Typically, language models expect the prompt to either be a string or else a list of chat messages. Use `PromptTemplate` to create a template for a string prompt and `ChatPromptTemplate` to create a list of messages

If the user only had to provide the description of a specific topic but not the instruction that model needs, it would be great!! PromptTemplates help with exactly this! It bundle up all the logic & instruction going from user input into a fully fromatted prompt that llm model required.

```
from langchain_openai import ChatOpenAI
from langchain_openai import OpenAI
from langchain_core.prompts import PromptTemplate

llm = ChatOpenAI(model_name="gpt-3.5-turbo-0125",api_key="...")
chat_model = ChatOpenAI(model="gpt-3.5-turbo-0125",api_key="...")

prompt = PromptTemplate.from_template("What is a good name for a company that makes {product}?")
prompt.format(product="colorful socks")

# PROMPT FROM PROMPT TEMPLATE
print("Prompt: "+prompt)

# LLM RESPONSE
print("LLM Response: "+llm.invoke(text))

# CHAT MODEL RESPONSE
messages = [HumanMessage(content=text)]
print("Chat Model: "+chat_model.invoke(messages))
```

__Reference:__ [PromptTemplate](https://api.python.langchain.com/en/latest/prompts/langchain_core.prompts.prompt.PromptTemplate.html)

## ChatPromptTemplate
Each chat message is associated with content, and an additional parameter called `role`. For example, in the OpenAI Chat Completions API, a chat message can be associated with an AI assistant, a human or a system role.

```
from langchain_openai import ChatOpenAI
from langchain_openai import OpenAI
from langchain_core.prompts import ChatPromptTemplate

llm = ChatOpenAI(model_name="gpt-3.5-turbo-0125",api_key="...")
chat_model = ChatOpenAI(model="gpt-3.5-turbo-0125",api_key="...")

chat_template = ChatPromptTemplate.from_messages(
[
("system", "You are a helpful AI bot. Your name is {name}."),
("human", "Hello, how are you doing?"),
("ai", "I'm doing well, thanks!"),
("human", "{user_input}"),
]
)

prompt = chat_template.format_messages(name="Bob", user_input="What is your name?")

# PROMPT FROM PROMPT TEMPLATE
print("Prompt: "+prompt)

# LLM RESPONSE
print("LLM Response: "+llm.invoke(text))

# CHAT MODEL RESPONSE
messages = [HumanMessage(content=text)]
print("Chat Model: "+chat_model.invoke(messages))
```

__Reference:__ [ChatPromptTemplate](https://api.python.langchain.com/en/latest/prompts/langchain_core.prompts.chat.ChatPromptTemplate.html)

## Message Prompts
LangChain provides different types of MessagePromptTemplate.
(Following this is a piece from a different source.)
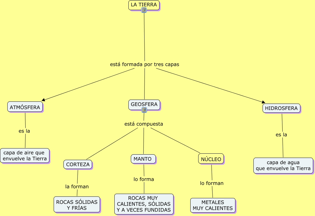 Este Cmap, tiene información relacionada con: la tierra, GEOSFERA está compuesta CORTEZA, GEOSFERA está compuesta NÚCLEO, HIDROSFERA es la capa de agua que envuelve la Tierra, LA TIERRA está formada por tres capas HIDROSFERA, ATMÓSFERA es la capa de aire que envuelve la Tierra, CORTEZA la forman ROCAS SÓLIDAS Y FRÍAS, MANTO lo forma ROCAS MUY CALIENTES, SÓLIDAS Y A VECES FUNDIDAS, NÚCLEO lo forman METALES MUY CALIENTES, LA TIERRA está formada por tres capas GEOSFERA, LA TIERRA está formada por tres capas ATMÓSFERA, GEOSFERA está compuesta MANTO

The most commonly used are `AIMessagePromptTemplate`, `SystemMessagePromptTemplate` and `HumanMessagePromptTemplate`, which create an AI message, system message and human message respectively.

All messages have a role and a content property. The role describes WHO is saying the message. The content property describes the content of the message. This can be a few different things:

__Reference:__ [ChatPromptTemplate](https://api.python.langchain.com/en/latest/prompts/langchain_core.prompts.chat.ChatPromptTemplate.html)

## Output parsers
OutputParsers convert the raw output of a language model into a format that can be used downstream.